- TASK TO CARRY OUT
In your copy of the records, include every word exactly and no pictures.

......

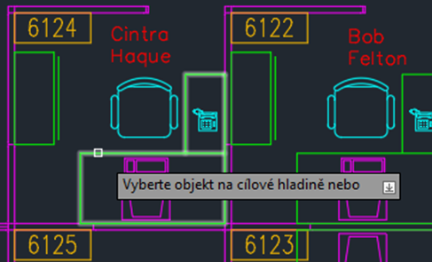 Stejně jako název značí, příkaz Změnit na aktuální hladinu (příkaz AKTHLAD) změní (přesune) objekt z jedné hladiny na jinou.
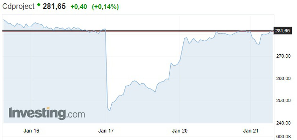 На данный момент акции CD Projekt торгуются на Варшавской бирже по 281.65 злотых, или около $73.6. К моменту закрытия торгов в день переноса Cyberpunk 2077 — биржа закрылась до анонса новой даты выхода — цена акции холдинга достигала 282.3 злотых, или примерно $73.79.
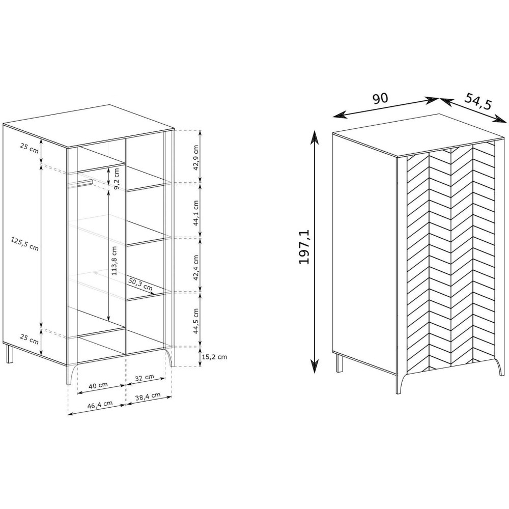 Šatní skříň ze stylové kolekce LUME kombinuje pokročilé technologie s čistým, nadčasovým designem. Dvoje dveře s panty jsou vybaveny praktickým systémem otevírání push-to-open, který nevyžaduje žádné kliky a umožňuje plynulé otevírání lehkým zatlačením. Díky integrovanému mechanismu tlumeného zavírání se dveře zavírají tiše a jemně, což zajišťuje nejen pohodlí, ale také prodlužuje životnost pantů. Uvnitř najdete robustní šatní věšák, ideální pro zavěšení vašich oblíbených oděvů, a také pět polic, které nabízejí dostatek úložného prostoru pro složené oblečení, boty a doplňky. Tato šatní skříň je vyrobena z vysoce kvalitní dřevotřísky s odolným melaminovým povlakem, takže se snadno udržuje a je robustní. Díky minimalistickému a elegantnímu designu je ideálním společníkem do moderních ložnic nebo šaten. Je synonymem pro inovativní funkčnost, vysoce kvalitní zpracování a pohodlné používání – stylové řešení, které dodá vašemu domovu strukturu a eleganci.
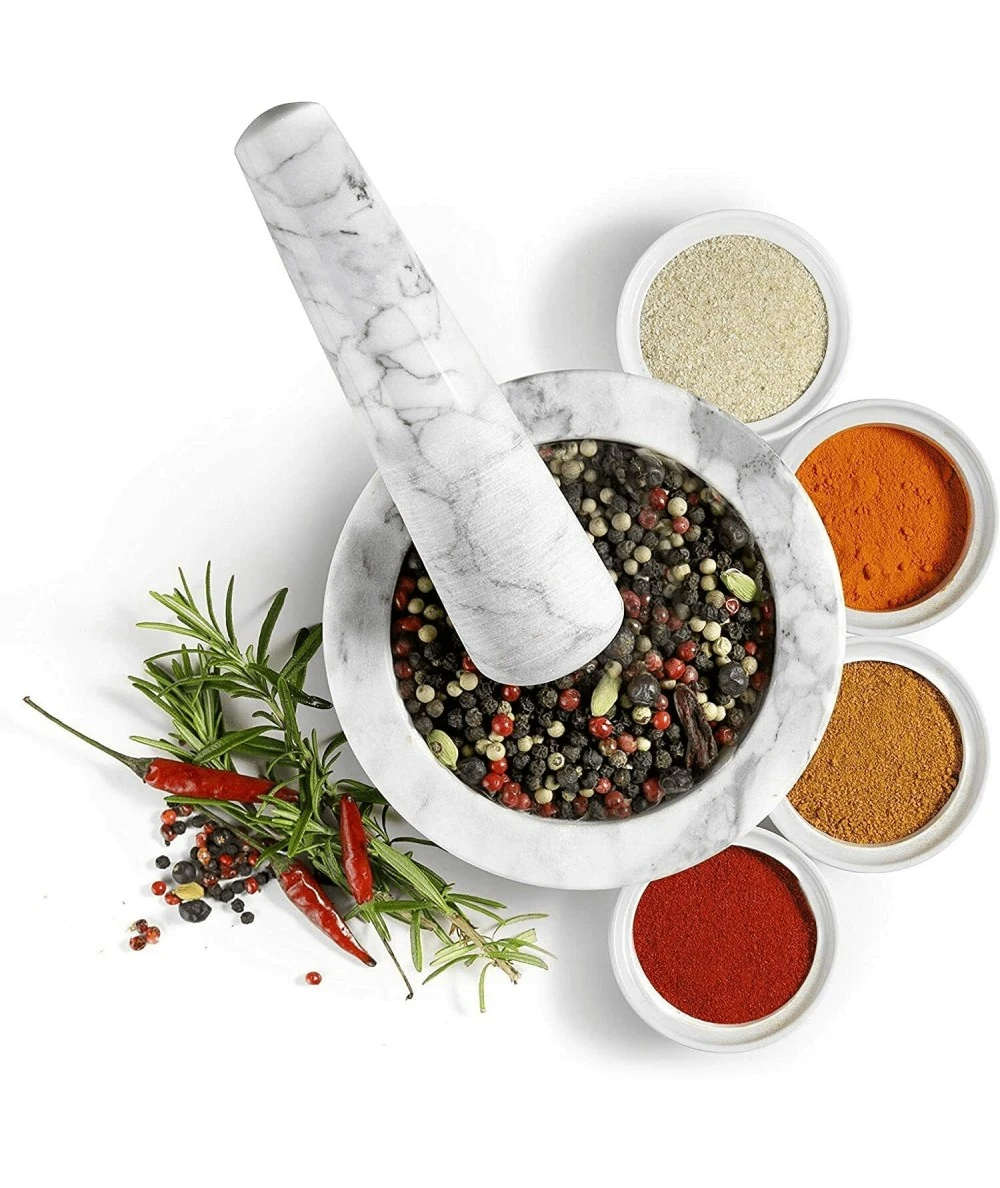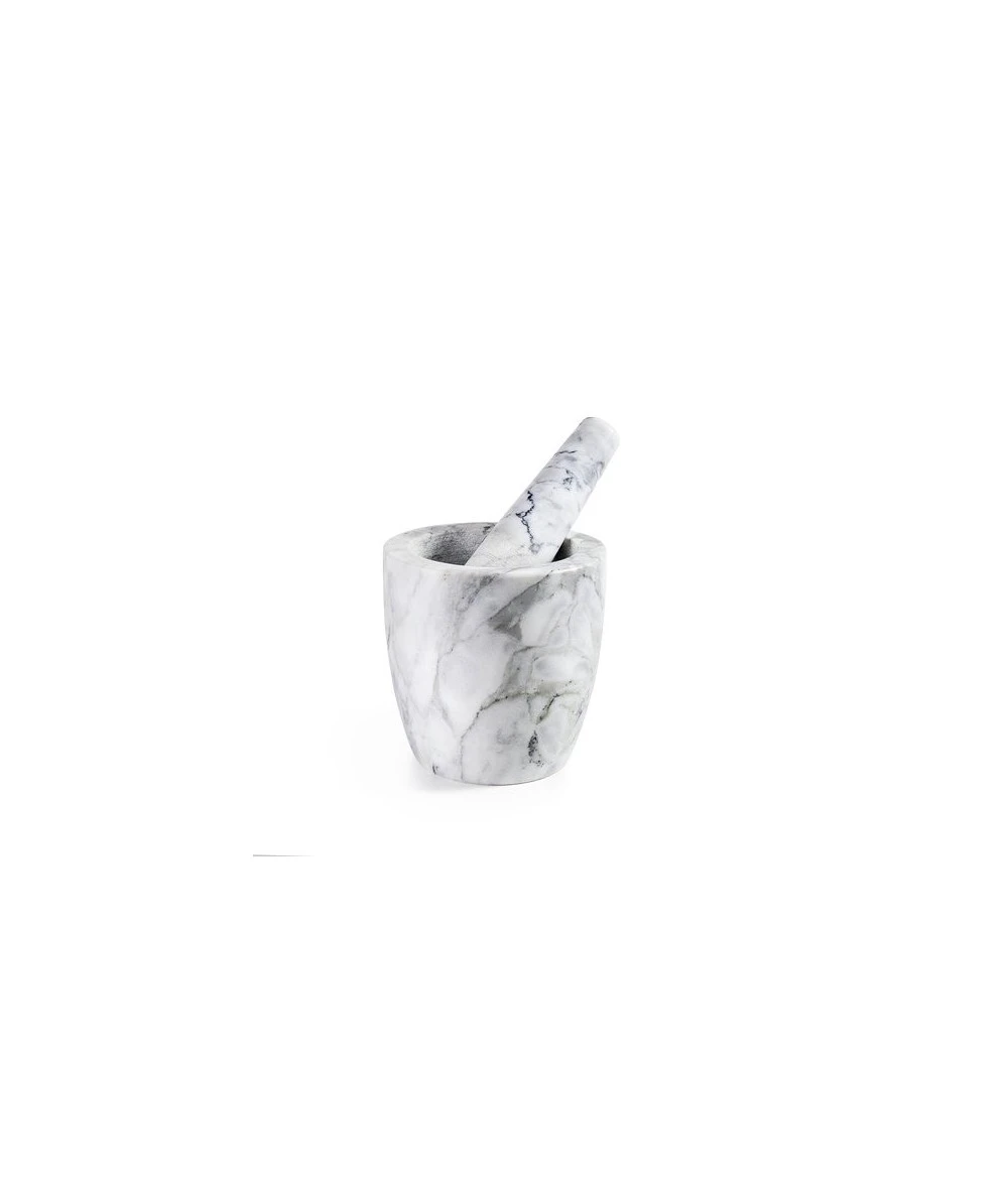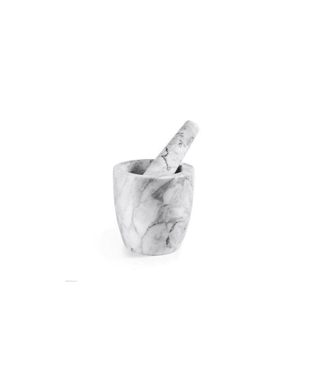 Este mortero de mármol con mano también de mármol,está pesado para mezclar y macerar ingredientes de manera tradicional para aliñar tanto carnes como pescados. Emulando los morteros de piedra, constituye por su material no poroso, un producto de excelencia fácil de lavar (lavar preferiblemente a mano).
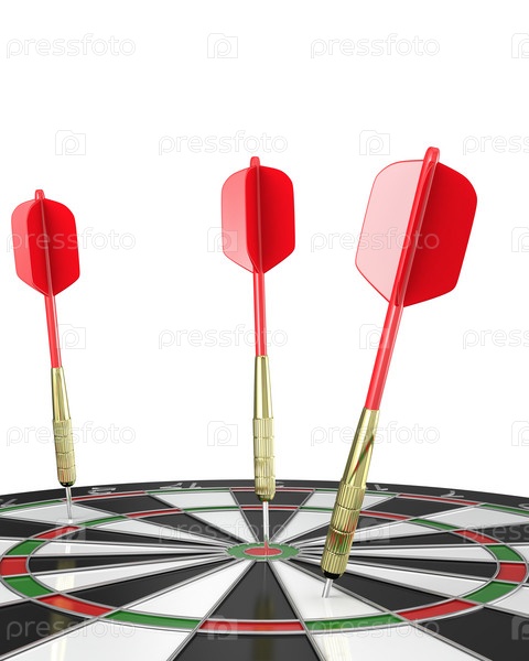 Дротики в мишени на белом фоне
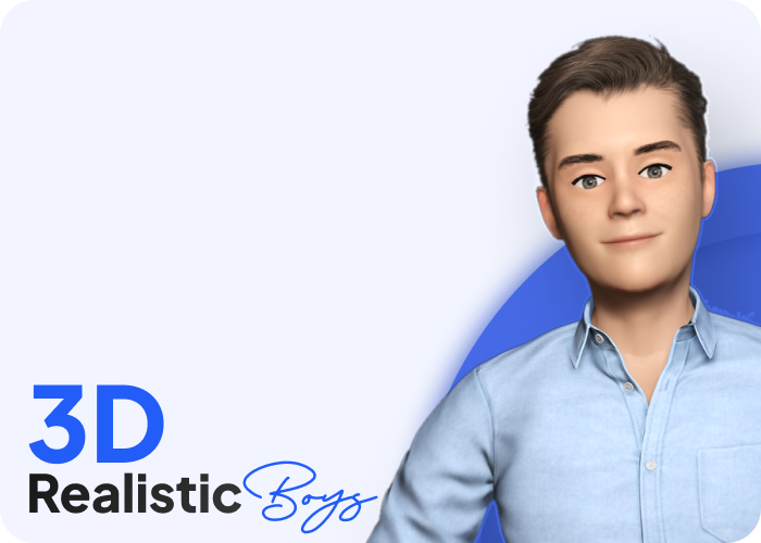 This library is organized into categories such as 2D, 3D, realistic, cartoon, girl and boy.

......

- YOUR SOLUTION
 Stejně jako název značí, příkaz Změnit na aktuální hladinu (příkaz AKTHLAD) změní (přesune) objekt z jedné hladiny na jinou.
 На данный момент акции CD Projekt торгуются на Варшавской бирже по 281.65 злотых, или около $73.6. К моменту закрытия торгов в день переноса Cyberpunk 2077 — биржа закрылась до анонса новой даты выхода — цена акции холдинга достигала 282.3 злотых, или примерно $73.79.
 Šatní skříň ze stylové kolekce LUME kombinuje pokročilé technologie s čistým, nadčasovým designem. Dvoje dveře s panty jsou vybaveny praktickým systémem otevírání push-to-open, který nevyžaduje žádné kliky a umožňuje plynulé otevírání lehkým zatlačením. Díky integrovanému mechanismu tlumeného zavírání se dveře zavírají tiše a jemně, což zajišťuje nejen pohodlí, ale také prodlužuje životnost pantů. Uvnitř najdete robustní šatní věšák, ideální pro zavěšení vašich oblíbených oděvů, a také pět polic, které nabízejí dostatek úložného prostoru pro složené oblečení, boty a doplňky. Tato šatní skříň je vyrobena z vysoce kvalitní dřevotřísky s odolným melaminovým povlakem, takže se snadno udržuje a je robustní. Díky minimalistickému a elegantnímu designu je ideálním společníkem do moderních ložnic nebo šaten. Je synonymem pro inovativní funkčnost, vysoce kvalitní zpracování a pohodlné používání – stylové řešení, které dodá vašemu domovu strukturu a eleganci.
 Este mortero de mármol con mano también de mármol,está pesado para mezclar y macerar ingredientes de manera tradicional para aliñar tanto carnes como pescados. Emulando los morteros de piedra, constituye por su material no poroso, un producto de excelencia fácil de lavar (lavar preferiblemente a mano).
 Дротики в мишени на белом фоне
 This library is organized into categories such as 2D, 3D, realistic, cartoon, girl and boy.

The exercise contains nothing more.